# C&C 29 MkII



## pbpme (Sep 1, 2007)

Does anyone have any experience with these boats. I've found an extremely clean 84' (1 owner-meticulous maintenance) with a great sail inventory, and lots of other goodies. My research says they look popular back east and Lake Ontario has a sailing group related to the C&C 29. 

Any feedback is greatly appreciated.


----------



## TSOJOURNER (Dec 16, 1999)

http://www.cncphotoalbum.com/


----------



## Faster (Sep 13, 2005)

The C&C29 MkII is a pretty boat, the last of them, really, with the traditional C&C look that they had for a long while. It's not large by todays standards, and may well be slightly smaller than the 29MKI.

I think it would be a good two person boat, with enough space for the occasional guest(s).


----------



## Valiente (Jun 16, 2006)

I agree. They are a known quantity on the club race course, but are quite different from the Mk I. A nice coastal cruiser/racer, if a bit primitive from the amenities standpoint now. C&Cs were about sailing, not gold-plated faucets, if you get my drift.


----------



## pbpme (Sep 1, 2007)

Does any one know if these are cored or solid hulls? I had a survor friend poking around on this boat with his moisture meter to determine if it is cored or solid, He could not tell, but there where tell-tale signs of coring (in the hull). He thinks he found some wet spots as well.

Should this be a cause for concern? What would you do, proceed with a full survey or keep looking?


----------



## Jim H (Feb 18, 2006)

pbpme said:


> He thinks he found some wet spots as well.
> 
> Should this be a cause for concern? What would you do, proceed with a full survey or keep looking?
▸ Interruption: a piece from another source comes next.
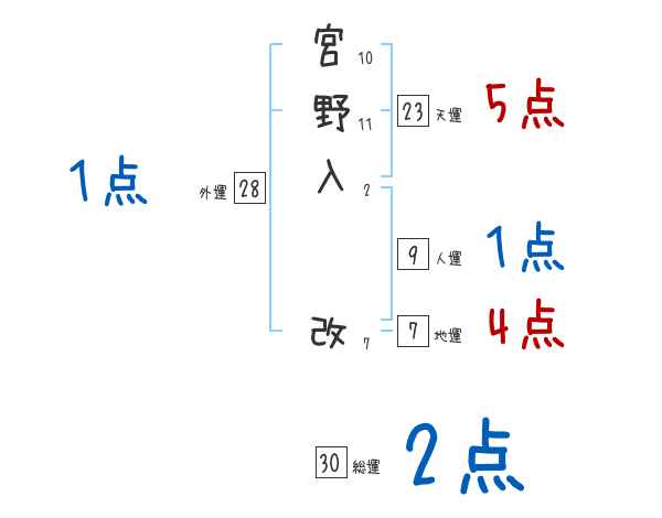 総運![]() | 宮野入改さんの総運は30画の2つ星!浮き沈みの激しさに注意しましょう。 あなたの人生を表す1番重要な運勢です。生涯を通じて影響する総合運となり、主に50歳以降の晩年期に影響を及ぼします。 |

I believe the 29s had balsa cored decks like my 27 had. Repairing these decks isn't for the faint hearted. See this example on a 27:

http://www.cc27association.com/fixes/deckrepair/deck.html

Alternatively, it may be hard to find a 23 year-old boat without some moisture in the decks, unless the owners did a superb job of rebedding and didn't go overboard with new holes for dodgers, etc. I've heard of alternative dry out treatments, such as drilling holes in lines in the interior liner, and then covering them with teak strips.


----------



## TSOJOURNER (Dec 16, 1999)

The 29's were introduced after C&C started coring their hulls. None of the MK II brochures seem to specify whether they hull itself is cored. One of the MK I brochures seems to indicate that it is cored. If your surveyor is finding wetness, it could be an expensive repair.


----------



## pbpme (Sep 1, 2007)

I passed on the survey. Too many unknowns about the hull itself. I got an article from practical sailor and they said the hull is a cored with coremat and the decks are cored balsa. There are also statements by C&C that construction techniques varied during the early 80's due to market pressures which are reflected in how the grid system was laid down. i.e. wood, no wood, back to wood, etc.


----------



## BADG (Dec 24, 2001)

In my research on this boat I have found that there is much info on the MKI available but very little on the MKII. The candcphotoalbum site has a rather negative review in designer notes about the MKI but says nothing about MKII. I would hope they made improvements on the later models but with so little info available it makes me think not.


----------



## replusted (Dec 17, 2001)

The C&C 29 mkI and mk2 are two totally different boats. Their hulls and decks are from completely different toolings. The only thing they share in common is their name. The 29mk2 definitely does not have a cored hull. The deck has end grained balsa which does not extend to the toe rail. C&C had the good sense to eliminate the balsa core in that area to prevent water problems in the core in the event that there was a caulking breach at any of the fasteners. The mk2 is a beautiful little yacht. I was speaking to Rob Ball, the designer of that boat at a boat show a few years ago. His comments about the C&C 29 mk2 were extreamly positive. He was actually pretty critical about a couple of other boat designs that were not quite up to C&C's high standards. I didn't expect that. He commented specifically about the 29mk2 and said, "we really got that boat right". Indeed they did. What a great all around boat. It's off wind speed and windward performance is unexpected in a boat with such nice amenities down below. They point very high into the wind (27 degrees apparent) and their narrow waterline beam make for an easily driven hull form. C&C's attention to detail is evident in all parts of the boat. It is a solidly constructed yacht which will hold it's value better than most modern day production boats and sail circles around them on the race course. I've owned one for 10 years now. From time to time I think about up sizing but haven't found another boat for under $60,000 that's worth the move. Well equipped C&C 29's with good sail inventories and electronics are selling between $28000 and $32,000. In my opinion that's a bargain by todays standards.


----------



## sailingdog (Mar 19, 2006)

Of course, you have to take Rob Ball's words with a grain of salt, as he did design it.


----------



## jmovson (Jun 1, 2010)

*Are there any [email protected] 29 Mark II owners in Rhode Island*

I am considering purchasing this boat and would like to talk to owners with experience in this type of boat who are local?
Thanks
JM


----------



## goofy57 (Jan 18, 2011)

*C&c 29 Mkiii*

There is a 29' C&C MKIII (1983) for sail in my neck of the woods. Appreciate the last person's comments especially about not having the balsa wood cores on the deck go right to the edge to prevent water damage. Are your positive comments about the MKII also extended to the MK III?


----------



## thehardaground (Jan 19, 2011)

Never heard of a MK III 29. Do you have a link for the boat?


----------



## Faster (Sep 13, 2005)

Suspect he means MkII


----------